Le documentaire d’Ousmane William Mbaye retrace le parcours de l’historien et homme politique sénégalais Cheikh Anta Diop (1923-1986). Il a été projeté le 1-er décembre à l’Institut français de Libreville.
Le FEMI se donne pour mission de ‘’promouvoir les œuvres cinématographiques et les cinéastes des Antilles-Guyane et plus largement de la Caraïbe, trop peu mis à l’honneur et de ce fait souvent méconnus du grand public’’, indique le site de la manifestation.
Le festival offre aussi ‘’l’occasion de découvrir le meilleur du cinéma international à travers une programmation diversifiée de films incitant à la réflexion sur des sujets de société, mais aussi de dénicher des talents en devenir et mettre en lumière des talents confirmés’’. Il programme plus de 60 films locaux, régionaux et internationaux ; longs métrages, courts métrages, documentaires souvent inédits et en avant-première.
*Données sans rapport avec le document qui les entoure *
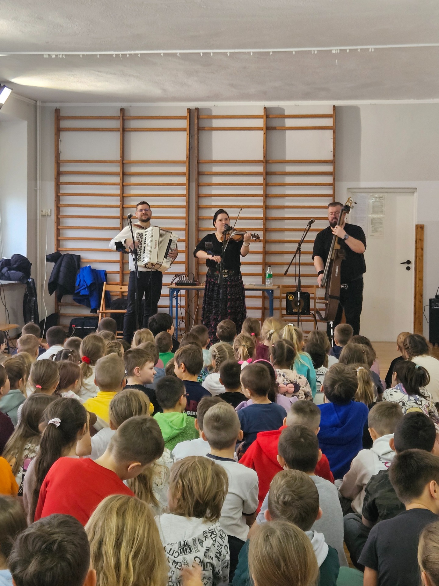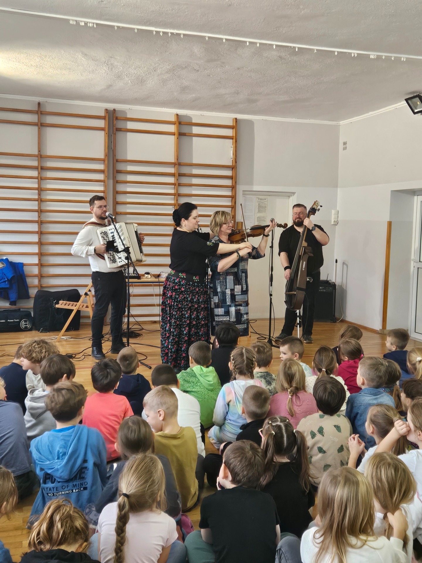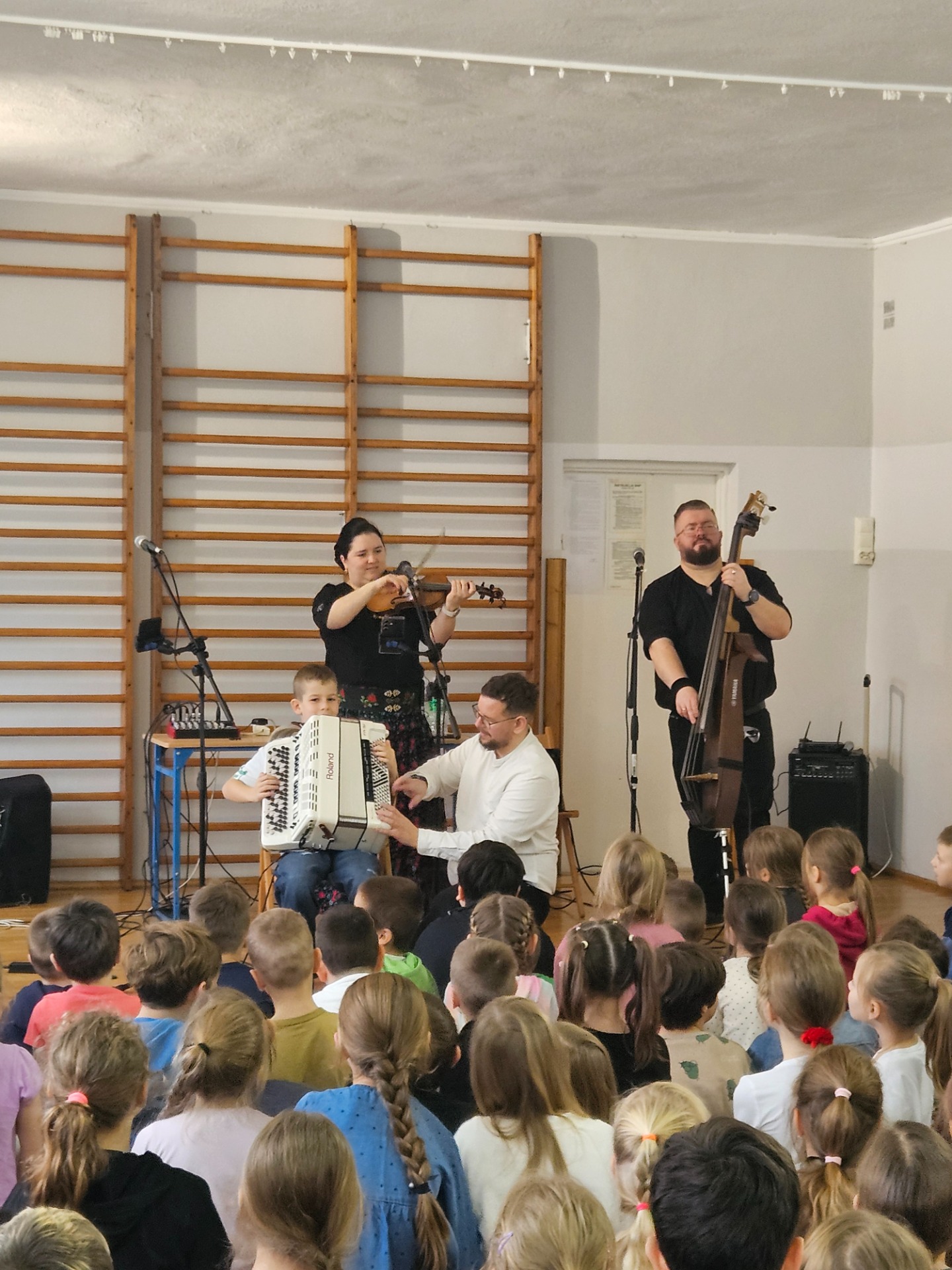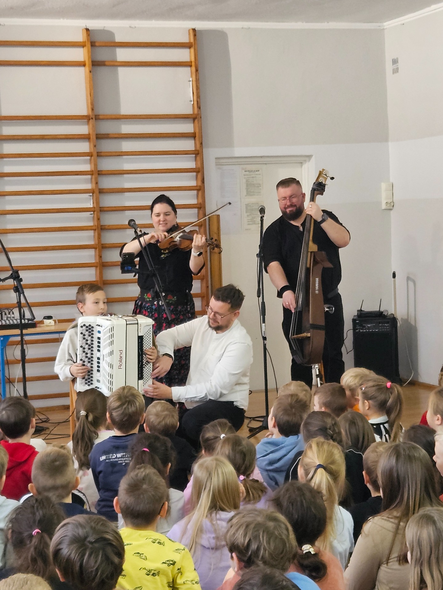 Uczniowie klas 1-3 uczestniczyli dziś w niezwykłym wydarzeniu, jakim był koncert Kapeli Karpati. Za pomocą dźwięków artyści zabrali słuchaczy w muzyczną podróż daleko na południe. Dzięki muzyce i sile wyobraźni dzieci odwiedziły Rumunię, gdzie nauczyły się witać w obcych językach, a na węgierskiej autostradzie, przy akompaniamencie "Czardasza", poznały różnice między skrzypcami i kontrabasem. 🎻 Nie zabrakło dialogu z publicznością, quizów i indywidualnych prób gry na instrumentach. To był wspaniały czas, pełen ekscytacji i niezapomnianych wrażeń.

Après sa première mondiale, le 7 mai dernier à Sorano, le film "Kemtiyu – Séex Anta" a été montré en Côte d’Ivoire (Abidjan), au Canada (Montréal), en France (Paris, Apt), en Afrique du Sud (Johannesburg). Il sera en compétition officielle à la 25-ème édition du Festival panafricain du cinéma et de la télévision de Ouagadougou (FESPACO.